Special provisions are made

The improvement of socially and educationally backward classes, as well as for Scheduled Castes (SCs) and Scheduled Tribes (STs) [Article15(4)].

Balaji v. State of Mysore (AIR 1963)

The Supreme Court ruled in this case that the order’s sub-classification of “backward classes” and “more backward classes” was unjustified under Art.15(4) because it was based solely on caste without due consideration for other factors.

Balaji was the first case heard by the Supreme Court following the adoption of the first constitutional amendment in 1951.

How far “backward” and “more backward” classification is valid?

Article 15 of the Constitution does not allow for the differentiation between backward and more backward classes as was found in the case of Balaji vs. State of Mysore (4).

As a result, “Creamy Layer” was accepted. In the case “Indira Sawheny v/s Union of India,” the idea of a “creamy layer” was established. The number 10 is the most significant. The Supreme Court ruled that 27 percent of government jobs will be designated for people of color. According to the terms, in this case, reservations were made for “first stages of appointments” only, and not for subsequent promotions. No more than 50% of the entire amount of the reservation is permitted. This is because already 22,5 % is allocated for SCs and STs’. The Indira Sawheny case led to Mandal Report being supported by several state governments and other government organizations. Article 16 was cited in this case (4)

Supreme Court of India ruled in Indira Sawhney vs. Union of India that backward and more backward classes can be classified & it is constitutionally acceptable.

This interpretation applies equally to clause (4) of Article 15 because the term “backward classes” in Article 16 (4) includes the SCs, STs, and other socially and educationally backward classes.

As a result, the viewpoint expressed in the case of Balaji vs. State of Mysore has been rejected.

Cases related Article 15 very important to understand

Nainsuphdas vs. State of U.P. (AIR-1953)

A law prohibiting members of various faith communities from voting in distinct electorates was held to be unconstitutional.

Shamsher Singh vs. U.O.I (AIR-1970)

In this decision, the court decided that only reasonable accommodations in favour of women can be made under Article 15(3) and that the constitutional guarantee enshrined in Art-16 (2)cannot be entirely obliterated or rendered illusory.

D.P Joshi vs.
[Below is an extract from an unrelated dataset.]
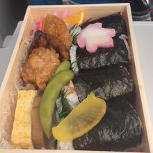 中身ですが、俵巻きのむすびが4個(鮭・梅・おかか等)の他、唐揚げ・白身魚のフライ・ハンバーグ・枝豆等が入っていました、

State of M.P.

It was said that place of residence is a valid criteria for classification and if some college charges less fee to locally domiciled students and more fee to students coming from outside, it would be valid.

Valsamma Paul vs. Coachin Univerity (AIR-1996)
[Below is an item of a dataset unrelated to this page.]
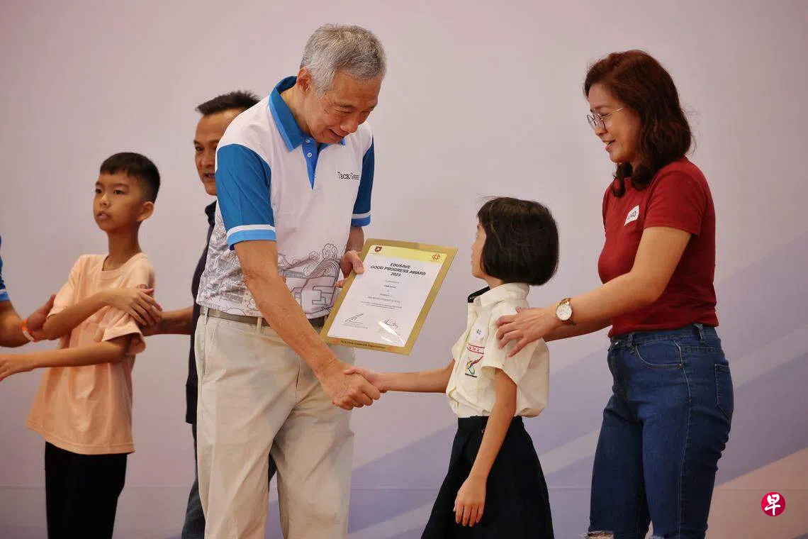 李总理也是负责德义区事务的宏茂桥集选区议员,他星期六(2月3日)出席在德义小学举行的宏茂桥德义区教育储蓄奖励金颁奖礼。星期六和星期天(4日)分别举行三场颁奖礼,每场有约140名学生领取奖励金。

The court ruled in this case that a girl from a high caste marrying a boy from an SC/ST family is not eligible for the reservation benefits available to SC/STs.

The Constitution (93rd Amendment) Act, 2005

The Constitution (93rd Amendment) Act of 2005 modified Article 15, adding a new clause (5). Insofar as such legislation relates to their admission to educational institutions or sub-clause (g) of clause (1) of Art. 19, the State is prohibited from enacting special legislation for the development and betterment of any backward classes of citizens, or for SCs or STs.

Other than the minority institutions referred to in clause (1) of Art. 30, whether assisted or unassisted by the State.

Conclusion of the Article 15

In order to reach those in need, Article 15 has always had to go through a lot of hoops. Since its commencement in 1949, the oppressed situation has vastly improved. In addition, it provides a solid foundation on which the legislature can build policies to encourage peace in society.